We can compare these numbers to the increases in average calories per day we reviewed earlier. Sure, consumption in the US went from 2,025 calories per day in 1970 to 2,481 calories per day in 2010, a difference of 456 calories. But consider Poehlman et al. (1986), where researchers fed a group of 12 men 1,000 extra calories a day for 22 days. On average the men gained about 5 lbs (2.2 kg), but some of them actually lost weight instead.

I think this is flawed. Clearly, overeating for your entire life will probably have different effects from overeating for 22 days. There are a lot of 22-day periods in a person’s life. Someone on their 30th birthday has gone through nearly 500 of them.
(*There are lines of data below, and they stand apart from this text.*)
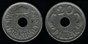 Vengrija 20 filerių 1941 m., KM#520, VF+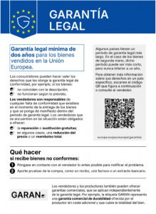 L’avís harmonitzat és un avís obligatori al punt de venda, destinat a sensibilitzar els consumidors sobre els seus drets de garantia legal.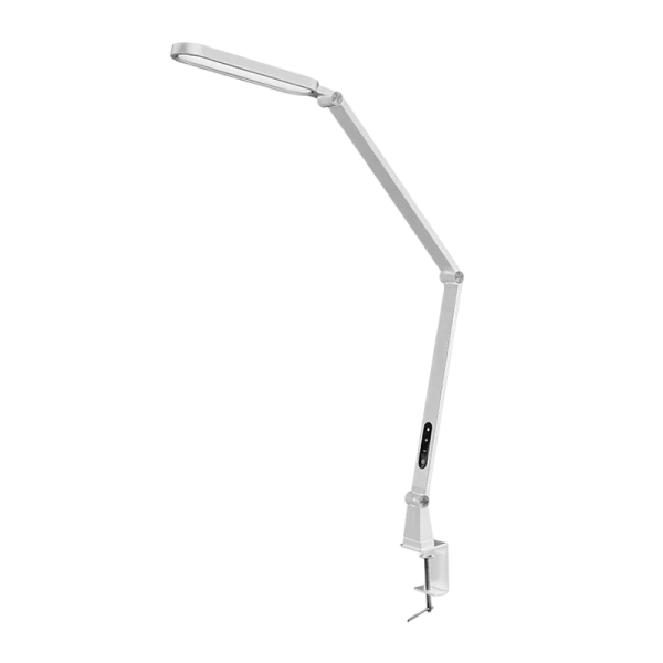 Светодиодный настольный светильник на струбцине Camelion KD-860 класса премиум может использоваться в качестве источника местного освещения как в домашних помещениях, так в офисных и учебных учреждениях. Очень мощный (13 Вт), яркий (850 лм- макс.), с высоким индексом цветопередачи ( Ra > 85) имеет пять уровней регулировки яркости и пять режимов цветовой температуры (от 3000К до 6000К). Сенсорная панель управления световыми режимами находится на нижней части стойки. Изящная прочная двухзвенная стойка изготовлена из алюминия. Мощная металлическая струбцина надежно фиксирует светильник на любой поверхности толщиной до 6,5 см. Стойка имеет возможность поворота на 60 градусов ( по 30 град в обе стороны вокруг центральной оси). Пластиковый плафон длиной 24 см имеет вытянутую форму. Максимальная высота плафона над уровнем стола в рабочем положении ~ 70 см. Длина провода питания – 150 см.
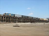 New Omnitrax operation, Alabama and Tennessee, on the trestle approach to the Coosa River Bridge.
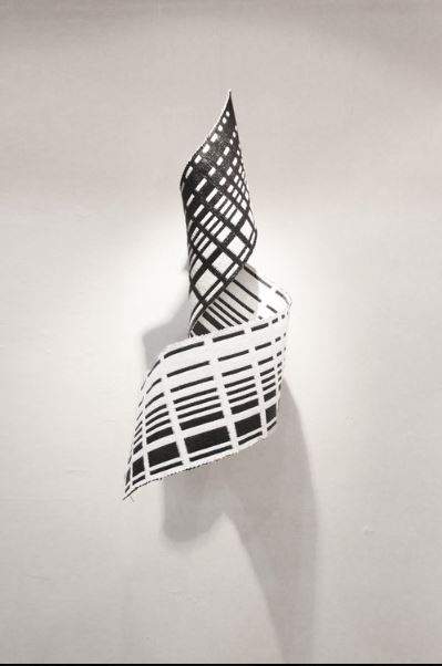 Her work, through weaving, explores rhythm, repetition, links, and spatial relationships between structures and space. She explores the rhythm of repetition and pattern, complex colour contrasts, textured surfaces, and the feel of the materials moving in her hand. She is inspired by her experiences, social issues, and natural phenomena.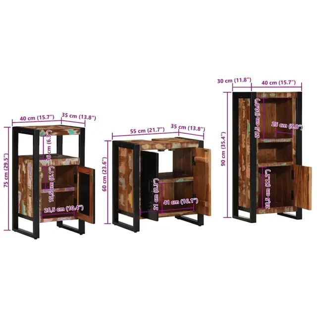 Taj moderni set pohištva za kopalnice s preprostim dizajnom ponuja eleganco in funkcionalnost, kar ga dela nepogrešljivega v vsaki sodobni kopalnici. S svojo preprosto pravokotno obliko in čistimi linijami prinaša urejenost. Uživajte v večjem prostoru za shranjevanje s tremi različnimi omaricami. Spremenite svoj prostor v mirno oazo, idealno za posameznike ali družine, ki iščejo praktične rešitve.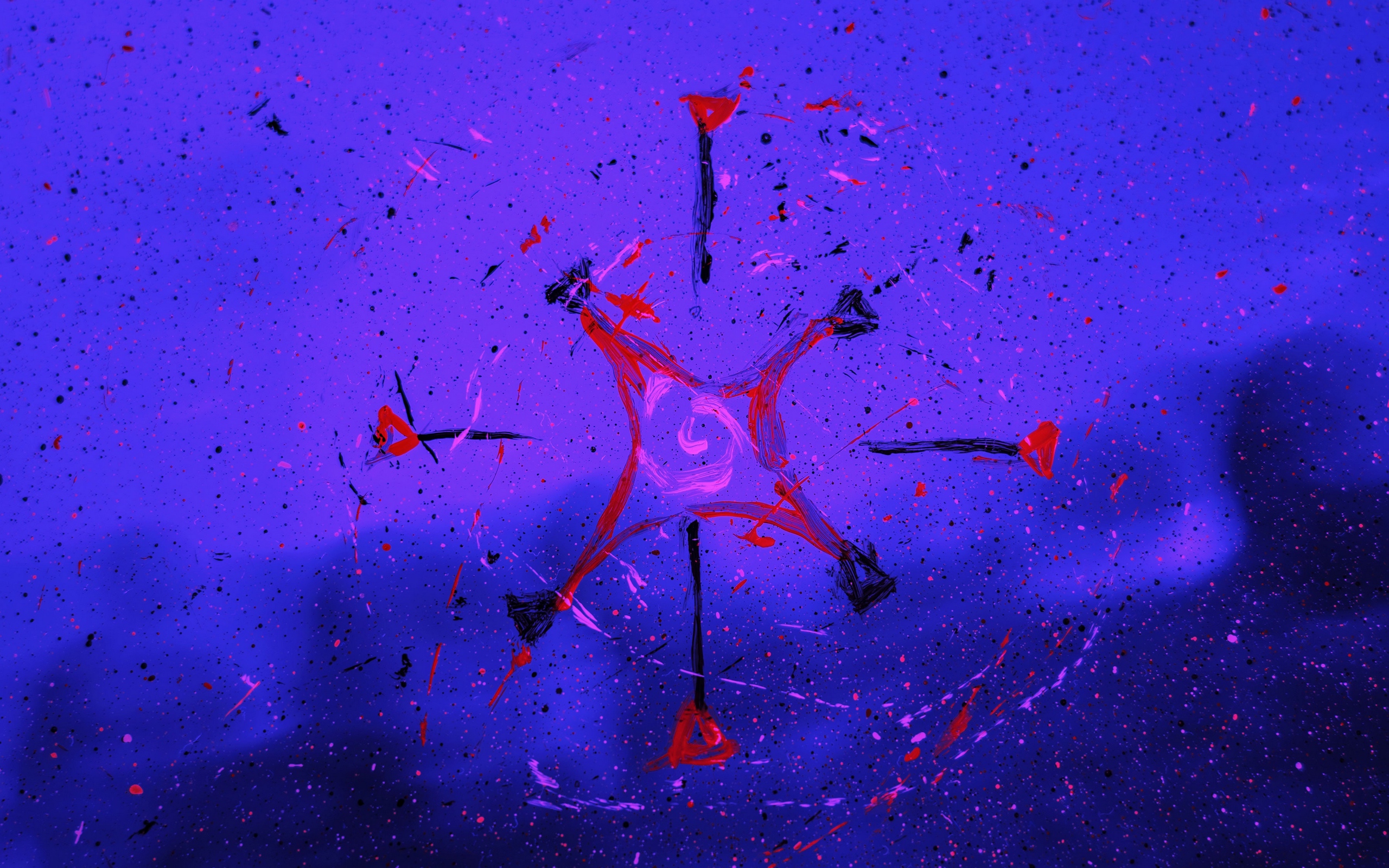 Description: A clock with a purple background and a red clock face on it's side and a blue background.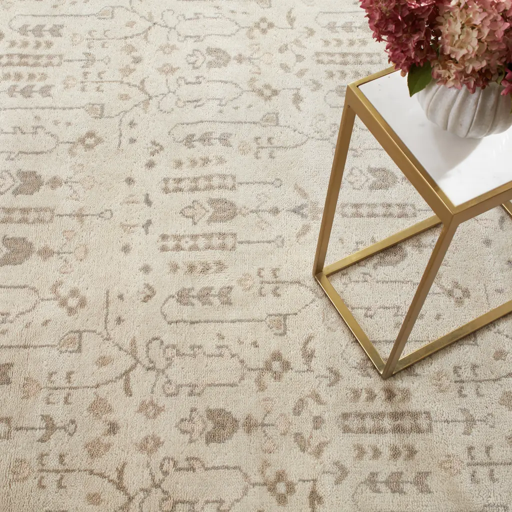 Part of our Masterpiece Collection that draws from the rich heritage of traditional, Turkish Oushak rugs. Woven and hand-knotted by master weavers in India, every detail – from the intricate motifs down to the finest yarn – speaks to the unparalleled quality and artisan craftsmanship of these vintage-inspired rugs. Meet the Dara Cream Hand Knotted Wool Rug—a true standout in our new vintage-inspired collection. This masterpiece is a modern take on a timeless style, with highly intricate geometric designs in sophisticated tones that effortlessly blend into any decor. Its lush, soft texture offers a luxurious feel underfoot, while the unmatched craftsmanship ensures it’s built to last.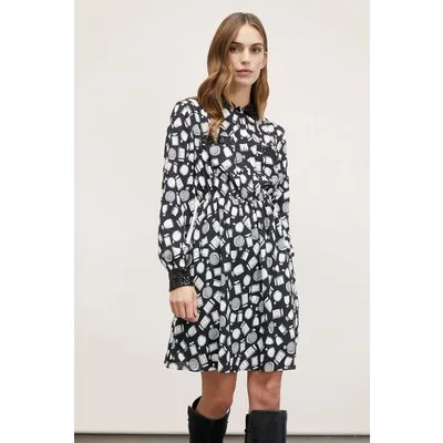 Motivi Beauty Patterned Dress With Sequin Collar Black Prijzen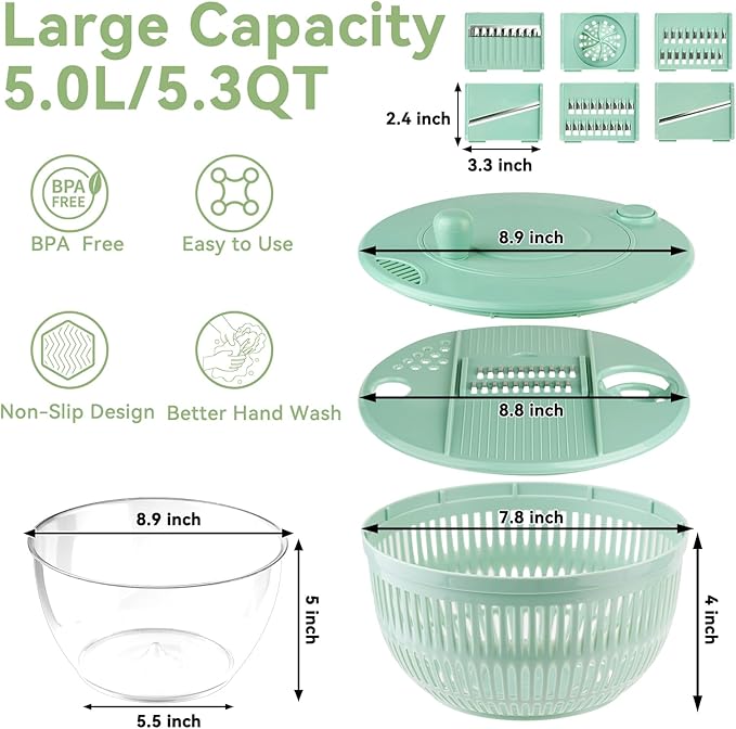 • 3 IN 1 Multifunctional Kitchen Gadget: This salad spinner with strainer and shredding blade can be used for washing, chopping vegetables, leaving foods crisp and 95% drier. It also includes a salad bowl and a clip for mixing salads.5.3L large capacity measures 9.25 x 5.52 inches.

If you try to make an educated guess on whether 456 extra kcal/​day is enough to explain the change in average body weight, instead of assuming that 22 days of overeating will have the same effects as 3 decades of overeating and considering the question closed, you not only find that the 456 kcal number is enough, but you find that it is way too high — which just renders SMTM’s point all the more bizarre. Let me explain.

How much body weight can you expect to gain if you start eating 456 extra kcal per day? Some people bring up the “3,500 kcal = 1 lb” rule of thumb and predict you’d gain 47.6 lb per year, or… a comical 1,428 lb by age 30. But that is not a good model, because eventually your energy expenditure will catch up with your increased energy intake. So what would a better model say?

Fortunately, Kevin Hall has a paper explaining a much better model, and a web-based tool implementing it. The rule of thumb the paper provides is that having 10 extra kcal/​day leads to a 1 lb (0.45 kg) change in body weight in the long-term, with 95% of the change occurring in about 3 years. This means that a 456 kcal/​increase in energy intake will eventually lead to a 45.6 lb increase in body weight.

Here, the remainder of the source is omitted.